A fifth generation-sized (1.1 × 1.4 m²) artist a-Si/µc-Si PV module is fabricated, and its I-V characteristics are compared to that of the opaque and 10% semi-transparent modules as shown in Figure 6. Each of the PV modules was fabricated under identical laser conditions. The result matches Figure 5, which confirms the expectation that the full-color module is more competitive than the 10% semi-transparent PV module. A stable power output of 126 W (14.2% reduction) of the artist PV module is achieved, while the 10% semi-transparent module shows a 123 W (16.3% reduction) stabilized power output. We further increase the performance from 126 W to 139 W for the artist module and 123–134 W for the 10% semi-transparent module when using a higher performance of 160 W of the opaque submodules (NexPower Tech. Corp., Taichung, Taiwan).

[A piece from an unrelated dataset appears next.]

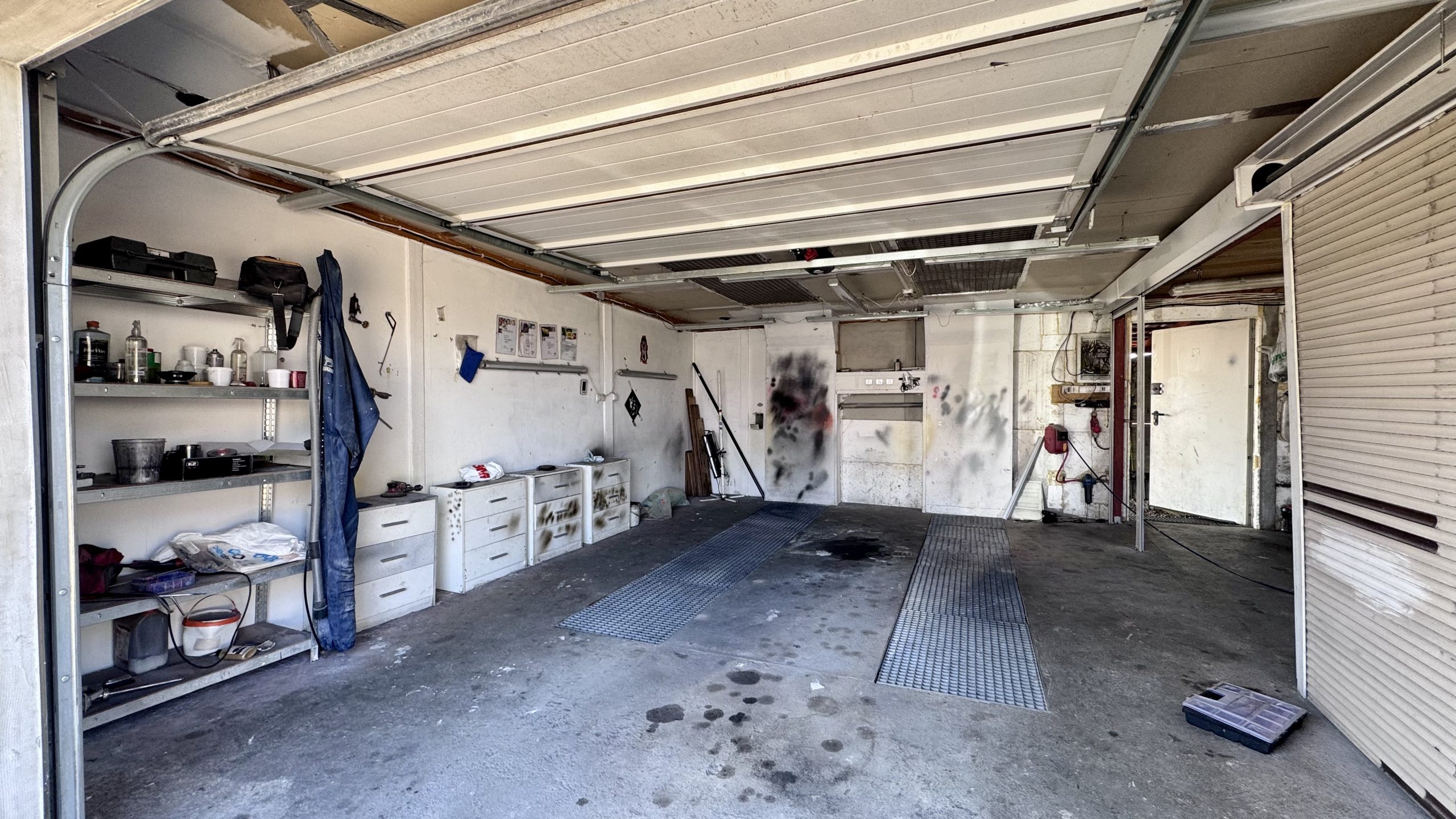 Na terenie nieruchomości znajduje się murowany garaż o powierzchni ok. 70 m² z dwoma stanowiskami:

The 160 W opaque, 134 W 10% semi-transparent and 139 W artist PV modules were installed with different orientations and tilt angles with respect to the ground in Changhua, Taiwan, for one year from 2014. The modules were placed outside and connected with a maximum power point tracking inverter that recorded the power output. The irradiance was measured by an optical power meter. The weather condition was changeable, but the total irradiance was about equal to 1299.4 peak sun hours (average 3.56 h/day). Figure 7 shows the annual power generation for the three modules; the capacity of each module is normalized to 1 kW. In all the cases the annual power generation is the highest for the opaque PV module and the lowest for the 10% semi-transparent module. Despite having the same installation capacity, the three types of modules have different annual power generation due to different performance under variable illumination irradiances over a day. Particularly for weak light illumination (≤200 W/m²), the module performance depends on the shunt resistance [25], which can be calculated as the inverse slope at the point of V = 0 in the I-V curve. The calculated shunt resistances for the opaque, artist PV, and the 10% transmittance modules are 4139, 3468, and 3003 Ω, respectively. Compared to the 10% semi-transparent modules, artist PV modules have a smaller laser ablation area and therefore higher shunt resistance. The non-tilted modules show a power generation of around 1354, 1288 and 1185 kW for opaque, artist PV, and 10% semi-transparent modules, respectively. The 23.5°-tilted modules show about 4%–5% reduction in power generation, except for the modules facing south, showing even higher performance than non-tilted ones. This can be related to improvement in plane-of-array irradiance. A significant reduction in power generation is observed for the 90°-tilted modules. Power generations of 600–800 W, approximately half of that of 0°- and 23.5°-tilted modules, are obtained.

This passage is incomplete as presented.